EXERCISE DETAILS: Below is a set of records. Repeat them verbatim without the pictures.

● ● ● ● ● ● ●

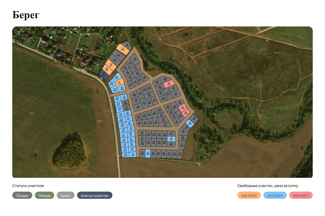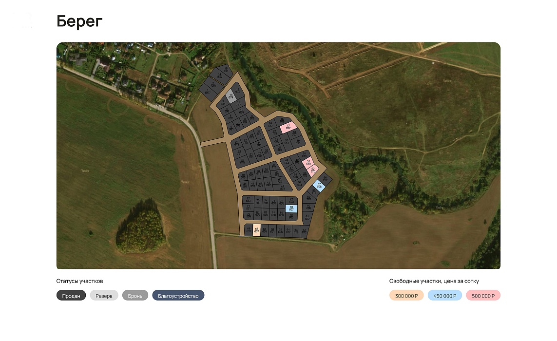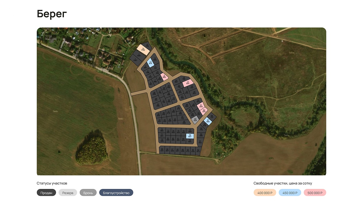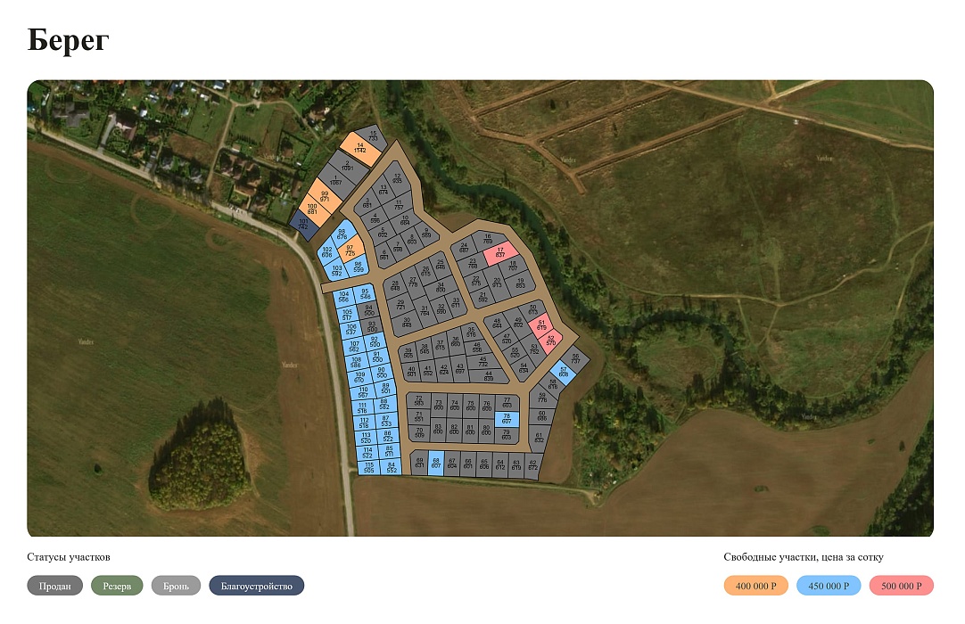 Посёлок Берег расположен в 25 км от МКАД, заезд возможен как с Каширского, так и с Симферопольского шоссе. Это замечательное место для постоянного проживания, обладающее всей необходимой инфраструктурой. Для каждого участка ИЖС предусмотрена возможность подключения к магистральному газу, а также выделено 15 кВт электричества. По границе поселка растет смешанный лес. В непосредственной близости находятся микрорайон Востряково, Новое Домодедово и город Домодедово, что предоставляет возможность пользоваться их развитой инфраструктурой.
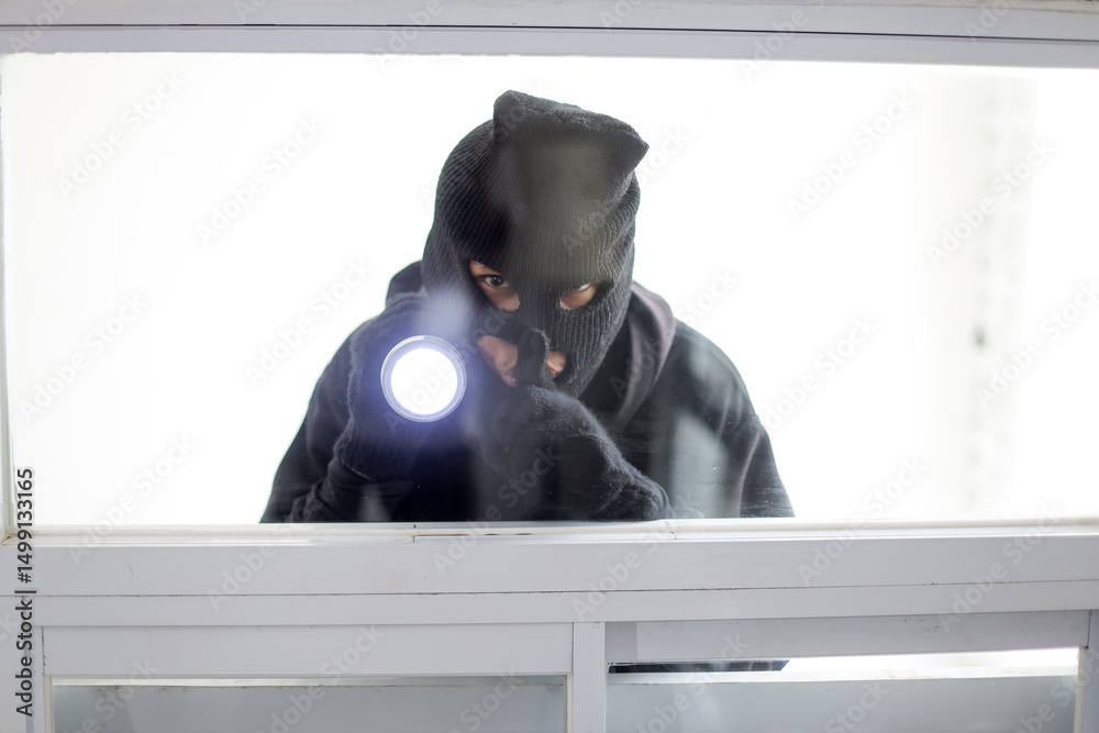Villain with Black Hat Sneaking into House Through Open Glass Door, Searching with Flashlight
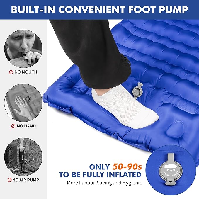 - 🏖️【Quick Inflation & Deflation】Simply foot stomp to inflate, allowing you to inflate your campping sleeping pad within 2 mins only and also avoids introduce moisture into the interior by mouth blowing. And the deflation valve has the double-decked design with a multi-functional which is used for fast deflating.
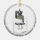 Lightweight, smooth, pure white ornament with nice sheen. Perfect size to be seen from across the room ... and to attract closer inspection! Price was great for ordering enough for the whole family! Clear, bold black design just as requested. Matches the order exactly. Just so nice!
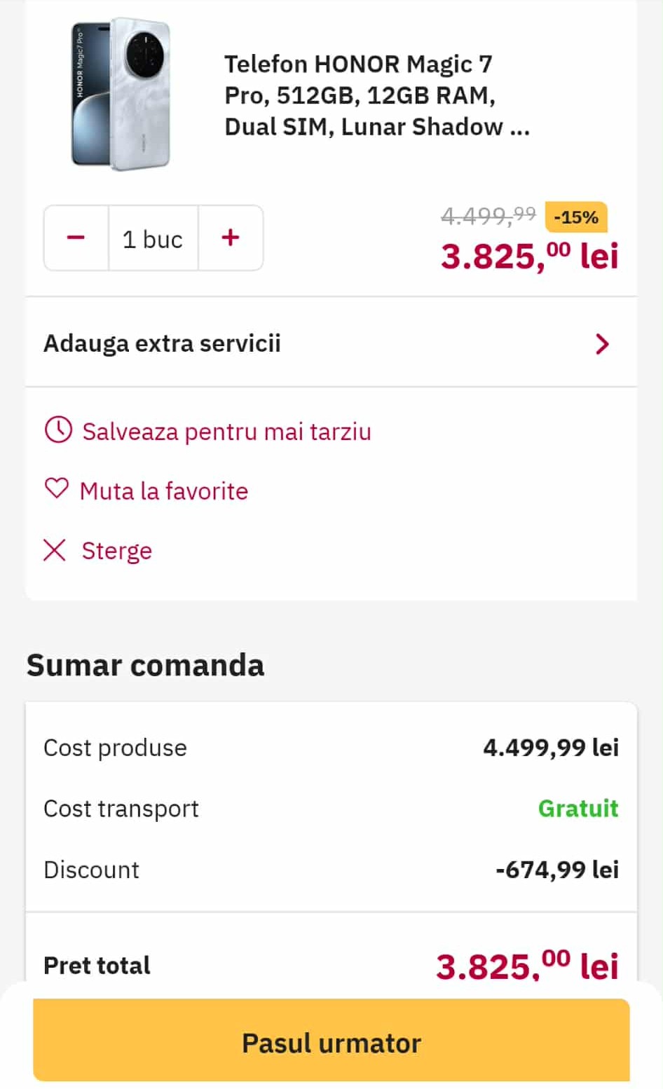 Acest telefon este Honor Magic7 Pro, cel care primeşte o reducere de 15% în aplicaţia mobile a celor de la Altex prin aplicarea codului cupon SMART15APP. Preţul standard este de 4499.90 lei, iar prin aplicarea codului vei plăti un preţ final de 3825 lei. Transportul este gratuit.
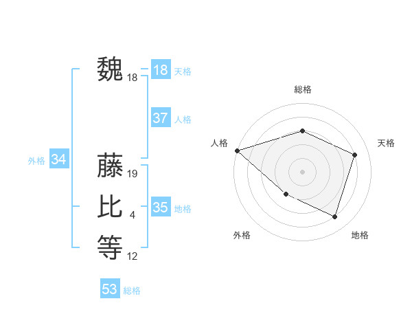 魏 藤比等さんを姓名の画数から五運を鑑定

● ● ● ● ● ● ●

FINAL ANSWER:
 Посёлок Берег расположен в 25 км от МКАД, заезд возможен как с Каширского, так и с Симферопольского шоссе. Это замечательное место для постоянного проживания, обладающее всей необходимой инфраструктурой. Для каждого участка ИЖС предусмотрена возможность подключения к магистральному газу, а также выделено 15 кВт электричества. По границе поселка растет смешанный лес. В непосредственной близости находятся микрорайон Востряково, Новое Домодедово и город Домодедово, что предоставляет возможность пользоваться их развитой инфраструктурой.
Villain with Black Hat Sneaking into House Through Open Glass Door, Searching with Flashlight
 - 🏖️【Quick Inflation & Deflation】Simply foot stomp to inflate, allowing you to inflate your campping sleeping pad within 2 mins only and also avoids introduce moisture into the interior by mouth blowing. And the deflation valve has the double-decked design with a multi-functional which is used for fast deflating.
 Lightweight, smooth, pure white ornament with nice sheen. Perfect size to be seen from across the room ... and to attract closer inspection! Price was great for ordering enough for the whole family! Clear, bold black design just as requested. Matches the order exactly. Just so nice!
 Acest telefon este Honor Magic7 Pro, cel care primeşte o reducere de 15% în aplicaţia mobile a celor de la Altex prin aplicarea codului cupon SMART15APP. Preţul standard este de 4499.90 lei, iar prin aplicarea codului vei plăti un preţ final de 3825 lei. Transportul este gratuit.
 魏 藤比等さんを姓名の画数から五運を鑑定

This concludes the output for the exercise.